その11

《報われないって、悲しい》

 彼には自負があった。 犬猫堂の棚のすべてについて、 長年自分で管理してきたという自負があった。 言ってみれば、 店のどの棚になんという本があるのか、 この店には残念ながら置いていない出版社の本があるということや、 月に一度だけ本を買いに来るお客Sさんの嗜好や、 どの出版社が返品について厳しいとか、 そんな事までが彼の頭の中に整理されていつでも引き出せる状態になってることが彼の誇りだった。 リニューアルする際にも、彼が中心になって商品を選定した。犬田はそれを許した。

 電話が鳴る。
「毎度ありがとうございます。 犬猫堂ですが。」
「伊藤出版の 『山菜取りの基礎知識』 という本はありますか。」と電話の向こうでお客が尋ねた。
彼は、 その出版社の本を犬猫堂では取り扱っていないことを即座に判断し答えた。
「あいにく、 その出版社の書籍は取り扱いがないので、 ありません。」
その言葉を聞いて客は、 驚いたように言った。
「おいおい、 どうしてそんなことが解るんだよ。 ちゃんと探してよ。 あるかもしれないじゃないか。」
「申し上げましたとおり、 当店では扱いのない出版社でして、 それで。」
「なに言ってんの。 探してよ。」 と客は食い下がる。
 彼の心の中で、 「俺はよー、 この店で20年も毎日毎日本を見続けてんだよ。 その出版社は特種な本を出版していて、 店頭に出しても売れないから置いていないの。 だからないのよ。 それは。」 と思うのだが、 読者が一書店員がなんでも知っているなんて思もわないし、 そう言われるのはしかたないな、 と思いその言葉を噛み殺した。
 それ以後、 こんなことが度重なり、 猿山はいまでは電話を保留にして3分ほど待ってから、 「在庫はございません。」 と言うようにしている。
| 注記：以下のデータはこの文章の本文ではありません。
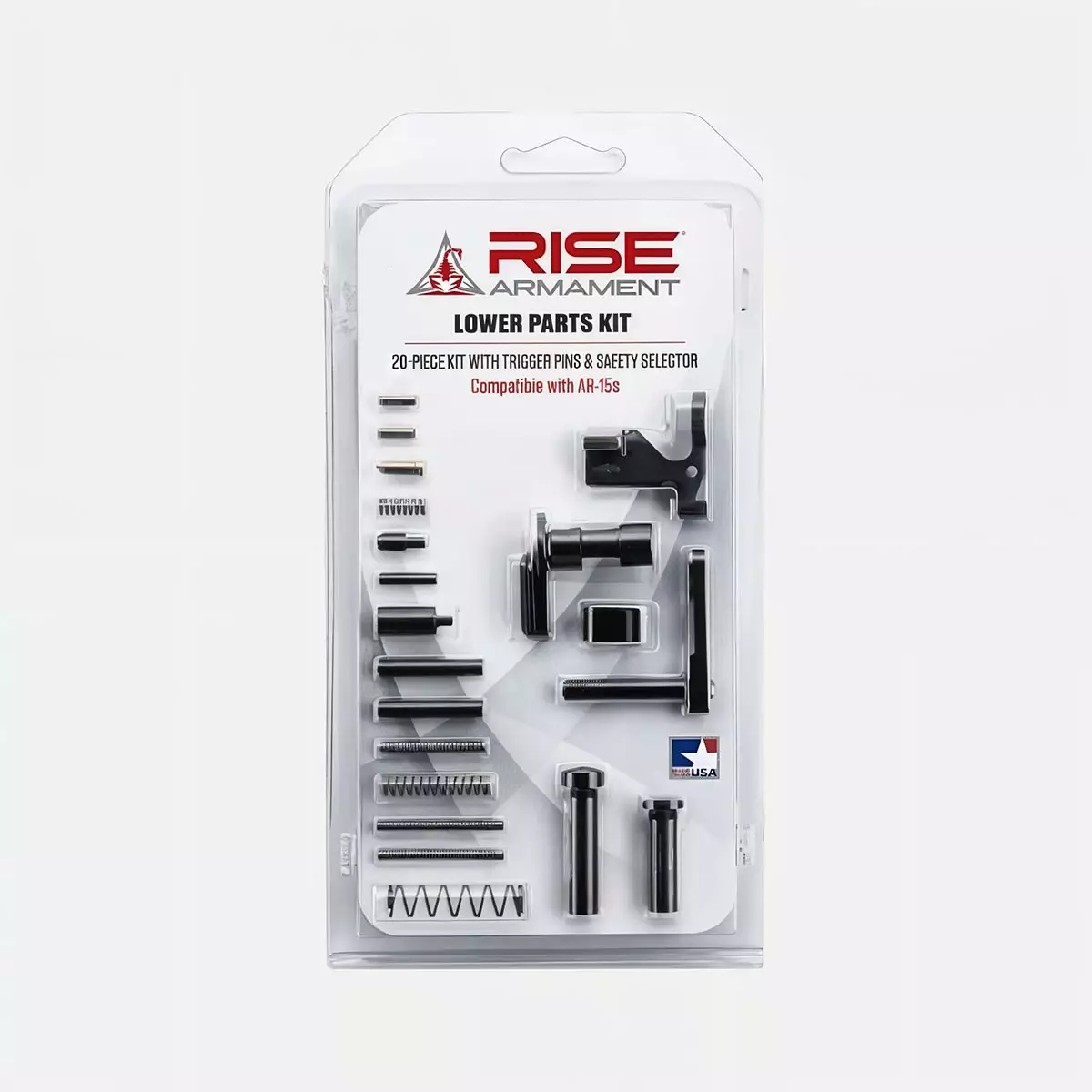 Rise Armament Lower Parts Kit varaosasetti on AR-15 Lower Parts Kit ilman triggeria, eli se sisaltaa lower receiverin kaikki toimivat komponentit liipaisinta lukuun ottamatta ja on yhteensopiva mil-spec AR-15 -alustoihin. Mil-spec -yhteensopivuus varmistaa sopivuuden standardin mukaisiin lower runkoihin, ja setti sopii niin uuden rungon kokoamiseen kuin kuluneiden osien vaihtoon.

 彼は、 このような出来事に対して怒りに満ちた気持ちが強かったが、 今ではそれが嘆きに変わっている。 彼が嘆くのは 、読者と書店の信頼の絆がなくなったことだ。 読者が「書店人は本を知らない」と初めから思っていることだ。 いつからこんなことになったのだろうと、猿山は思う。 そして、書店の仕事って報われないものなのかと思うとき、 それは悲しいことだな、 と猿山は思うのだった。